# Approximate Nearest Neighbors:

# Image Recommendation System via Collaborative Filtering

# ***Please read the instructions very carefully***
This is a modified version of the previous question and requires you to use an artificial nearest neighbors library

We suggest you to use one of the following:
- [ScaNN](https://github.com/google-research/google-research/tree/master/scann)
- [FAISS](https://github.com/facebookresearch/faiss)
- [Annoy](https://github.com/spotify/annoy.git)

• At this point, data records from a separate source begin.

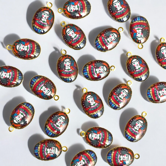 GN03 - Pack of 2pcs - Cute Frida - Glass Pendants with Metal Base
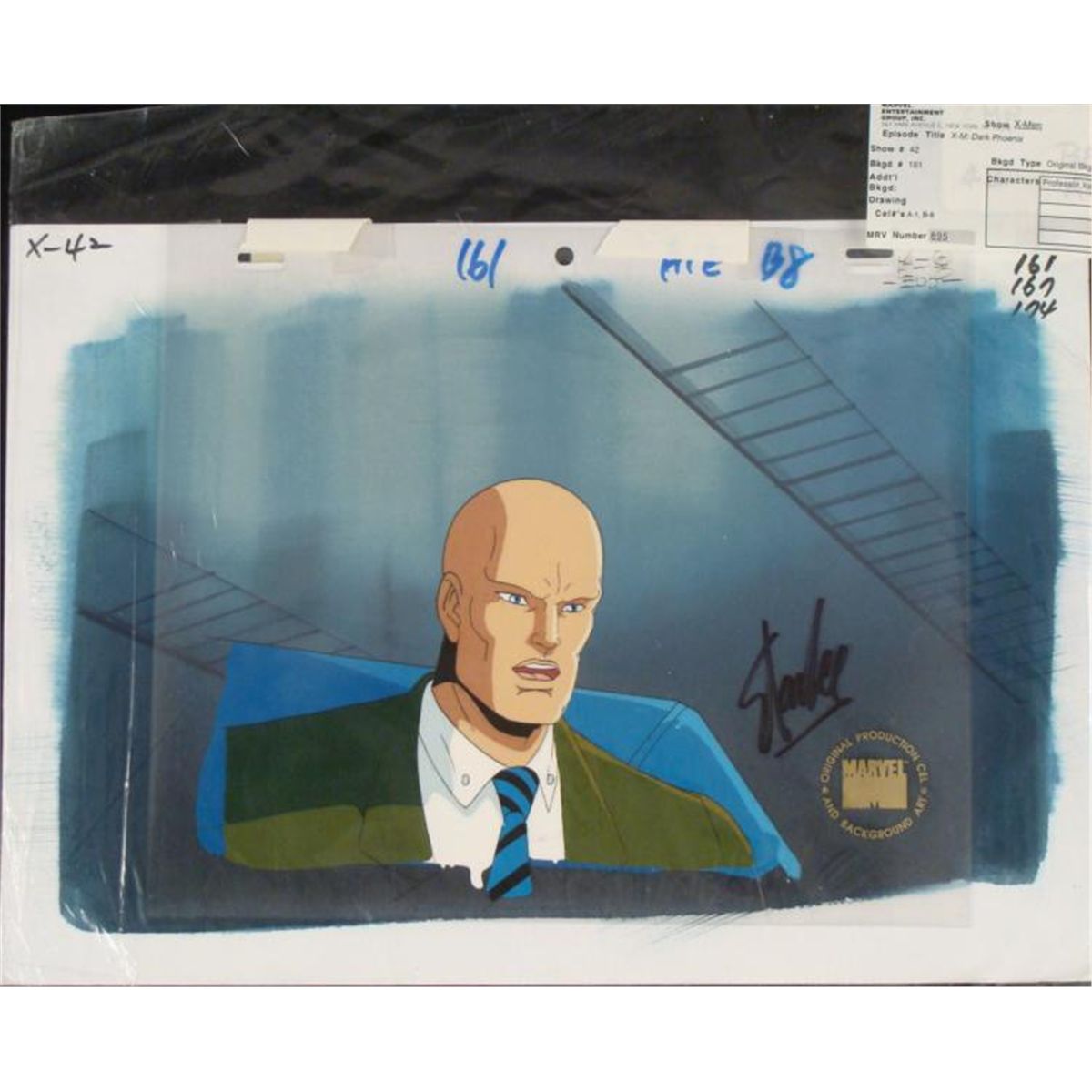 This is an original signed production cel and background from the hit series X-Men. Stan Lee signature is located on the bottom right of cel in black sharpie. * Under a cloud of increasing anti-mutant sentiment, Professor Xavier creates a haven at his Westchester mansion to train young mutants to use their powers for the benefit of humanity, and to prove mutants can be heroes. Xavier recruited Cyclops, Iceman, Angel, Beast and Jean Grey calling them "X-Men" because they possessed the "x-gene", an ability normal humans lacked. Early issues introduced the team's arch enemy, Magneto and his Brotherhood of Evil Mutants, who would later battle the X-Men for years. * This doesn't look good... * * Original Animated Cel Overall Size of the Cel: 10 1/2" x 12 1/2" Overall Size of the background: 10 1/4" x 14 1/4" Excellent Condition This is an original hand-painted cel set-up used in the production of an episode of X-Men titled "Dark Phoenix." Each one-of-a-kind set-up represents a slight change in position of the characters. When individually photographed and projected in rapid succession, the images appear to move. * To create production cels, the original animator's drawing is transferred onto an acetate cel (by hand-inking and/or photo copying). The cel is then hand-painted on the reverse side. The background accompanying this set-up is an original production background. * The cel and original background is ready to be matted and framed. The animators notations are located at the top of the cel and background. A certificate of Authenticity from Marvel is on the back of background. The Marvel Seal is located at the bottom right of the cel. The cel and background are in a protective sleeve An information card about the episode is located at the top right of the protective sleeve. *
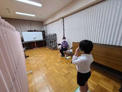 視力検査の様子です。年度当初は保健関係の検査や検診が多くあります。自分のからだのことをしっかりと確認して健康な生活を送りましょう。
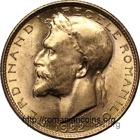 Struck in Great Britain at London Royal Mint, in 1928 or 1929 (after Octavian Iliescu and Paul Radovici, Monetele Romāniei, 2004), although antedated in 1922. The decree for the issuing of these coins was published in the Official Gazette on June 4th 1927. King Ferdinand died on July 20th the same year.

1.   Assignment must be implemented in Python 3 only.
2.   You are allowed to use libraries for data preprocessing (numpy, pandas, nltk etc) and for evaluation metrics, data visualization (matplotlib etc.).
3.   You will be evaluated not just on the overall performance of the model and also on the experimentation with hyper parameters, data prepossessing techniques etc.
4.   ⚠️ The Assignment will be evaluated automatically. Please adhere to taking proper inputs from `config.csv` file. You can change your `config.csv` file to experiment with your code. But at the end, make sure that your outputs are corresponding to input values in `config.csv`
5.   Strict plagiarism checking will be done. An F will be awarded for plagiarism.

## About the Dataset
Behance is a community art website where users showcase and discover creative work. Each user is able to “appreciate” (equivalent to a “like” on Instagram or a “react” on Facebook) an image, indicating that they like the image. It is in the website’s best interests to show users pictures that they would like, to keep them engaged for longer. For this question, given a set of pictures that a user has already appreciated, you have to show them a new picture that they would like based on what similar users appreciated.


<br><br>
**The dataset has information of 1 million appreciates of 63,497 users on 178,788 items. The file Behance appreciate 1M has a triplet in each line in the form of (user id, item id, unix timestamp).**

**Task: Take the inputs from the config.csv file and output the recommendations for a particular person**
- Collaborative Filtering is a way to predict items to the user based on the the
user’s history and the history of similar users. The similarity between users can be quantified by the number of images that both the users appreciated.
- The images appreciated by a similar user would be the most suitable images to show a user. Since we can find the similarity between any two users, we would be able to find the “nearest” neighbours of any user, allowing us to use a KNN-based algorithm to recommend new images to a user.
- Since people do not like seeing pictures that they have seen already. Make sure that you do not recommend pictures that a user has appreciated already.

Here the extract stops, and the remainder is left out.